PNixx / clickhouse-activerecord

A Ruby database ActiveRecord driver for ClickHouse
MIT License
197 stars 99 forks source link

Using schema_format = ruby fails with a single ORDER BY column #163

Closed dbackeus closed 4 weeks ago

dbackeus commented 1 month ago

Given the following migration:

options = "MergeTree PARTITION BY toYYYYMM(timestamp) ORDER BY timestamp"
create_table :events, id: false, force: :cascade, options: do |t|
  t.datetime :timestamp, null: false
end

The generated schema.rb file looks like:

create_table "events", primary_key: "timestamp", id: :datetime, precision: nil, options: "MergeTree PARTITION BY toYYYYMM(timestamp) ORDER BY timestamp SETTINGS index_granularity = 8192", force: :cascade do |t|
end

When attempting to load this schema it fails with:

ActiveRecord::ActiveRecordError: Response code: 404: (ActiveRecord::ActiveRecordError)
Code: 47. DB::Exception: Missing columns: 'timestamp' while processing query: 'toYYYYMM(timestamp)', required columns: 'timestamp' 'timestamp'. (UNKNOWN_IDENTIFIER) (version 24.8.4.13 (official build))

It appears that the timestamp column needs to be explicitly defined inside of the block.

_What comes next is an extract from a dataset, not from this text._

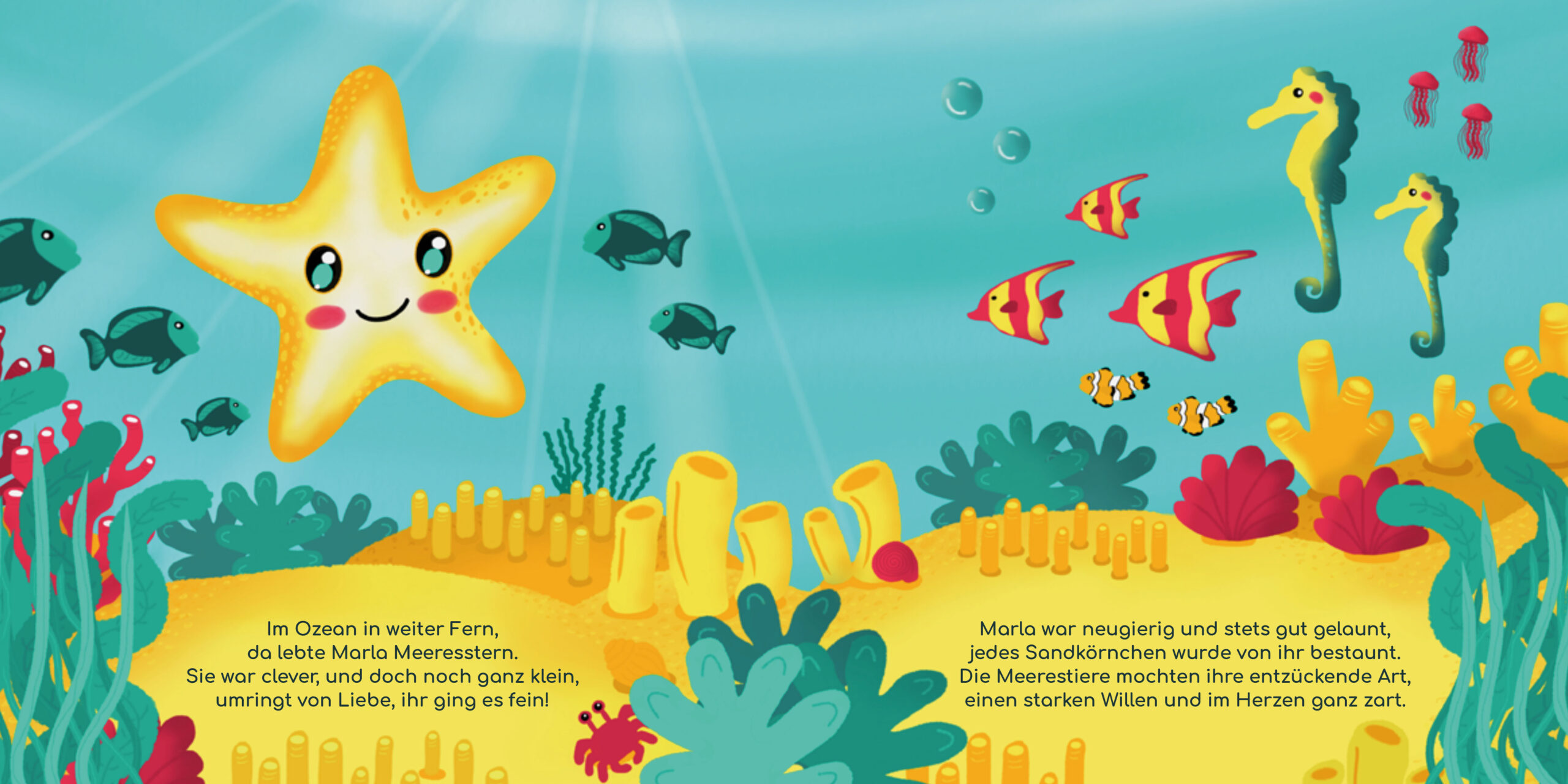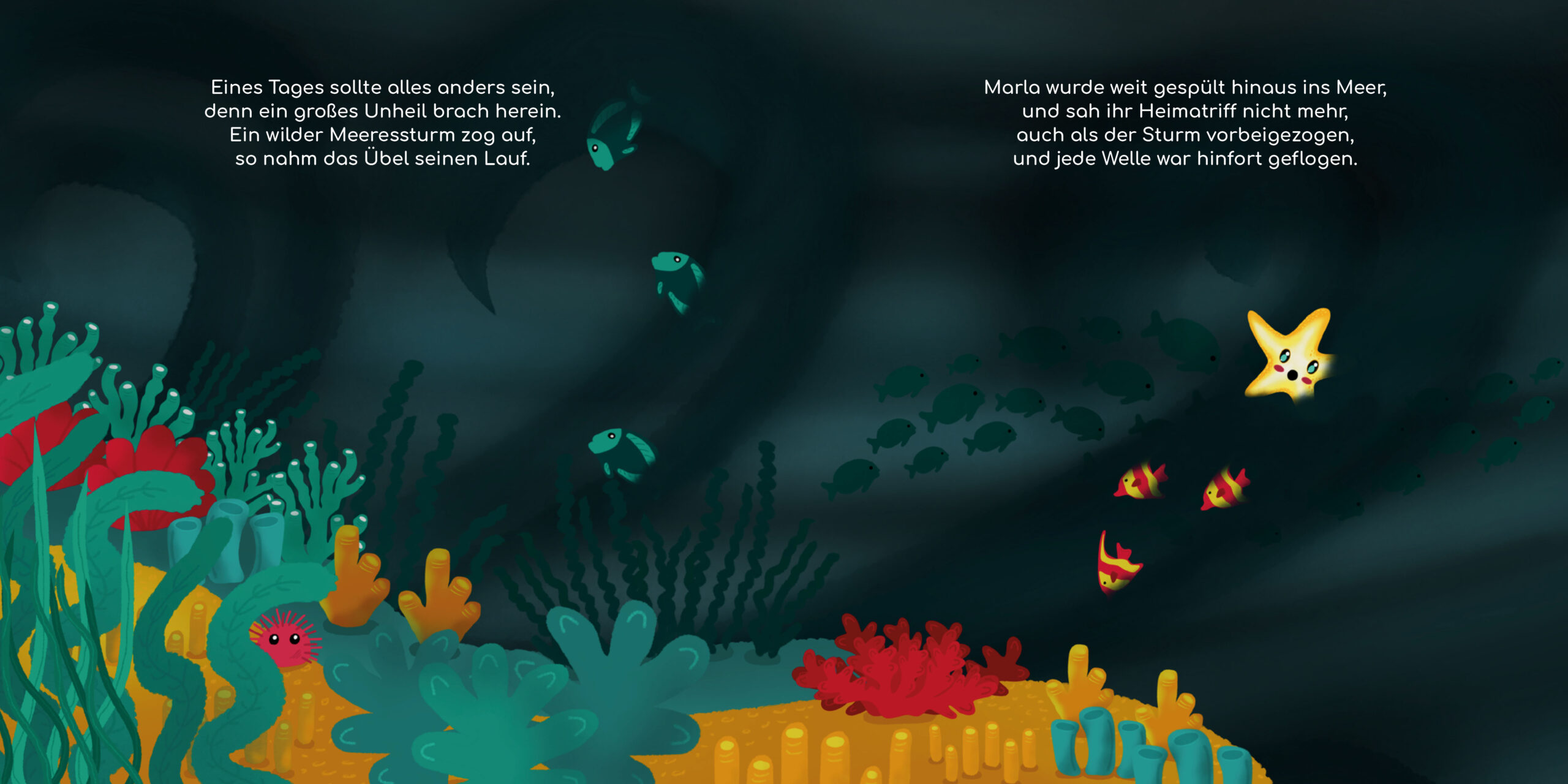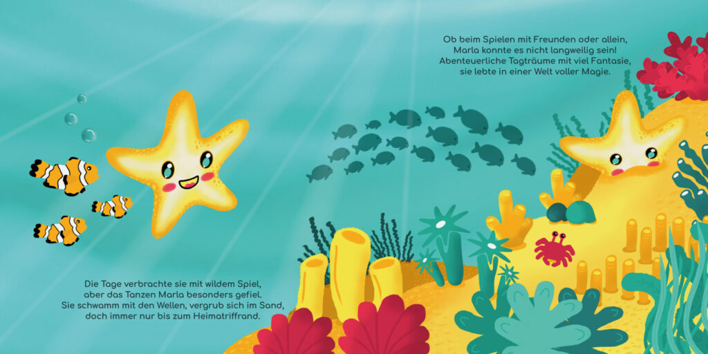 Durch ein Unheil wird der kleine Seestern Marla weit von Zuhause fortgetragen. Auf ihrer Reise durch den Ozean lernt sie viele Meeresbewohner kennen und schließt neue Freundschaften, die ihr bei drohenden Gefahren helfen. Da Marla zwar noch ganz klein, aber mutig ist, stellt sie sich den Herausforderungen und findet heraus, dass es wertvoll ist, eigene Erfahrungen zu sammeln. Nichts ist, wie es scheint, doch eines lernt sie auf ihrer Reise: Zusammen sind Meerestiere stark, welche Bedrohung auch kommen mag!

It's not enough that it's declared as primary_key: "...".

The issue doesn't occur when ordering by multiple columns (ie. composite primary keys). Also the issue doesn't occur when using schema_format = :sql.

PNixx commented 4 weeks ago

Fixed in v1.1.3

dbackeus commented 4 weeks ago

@PNixx thanks for looking into this, but unfortunately the new version did not fix this issue for me.

I'm no longer getting any primary_key: in the dump but I'm still not getting the timestamp columns added inside the create_table statements. Here's the diff I'm getting with the new version:

Screenshot 2024-09-28 at 12 23 23

Both the email_sg_events and web_clickstream_events tables are missing timestamp in the dump.

I tried both just running db:schema:dump on my existing database and dropping and re-migrating the database from scratch, both result in the same diff.

In the # SQL: CREATE TABLE ... comment the column does exist as expected, but not in the DSL output. Full email_sg_events section:

  # TABLE: email_sg_events
  # SQL: CREATE TABLE email_sg_events ( `uuid` Nullable(String), `email` Nullable(String), `event` Nullable(String), `sg_message_id` Nullable(String), `url` Nullable(String), `url_offset` Nullable(String), `ip` Nullable(String), `useragent` Nullable(String), `timestamp` DateTime, `reason` Nullable(String) ) ENGINE = MergeTree PARTITION BY toYYYYMM(timestamp) ORDER BY timestamp SETTINGS index_granularity = 8192
  create_table "email_sg_events", id: false, options: "MergeTree PARTITION BY toYYYYMM(timestamp) ORDER BY timestamp SETTINGS index_granularity = 8192", force: :cascade do |t|
    t.string "uuid"
    t.string "email"
    t.string "event"
    t.string "sg_message_id"
    t.string "url"
    t.string "url_offset"
    t.string "ip"
    t.string "useragent"
    t.string "reason"
  end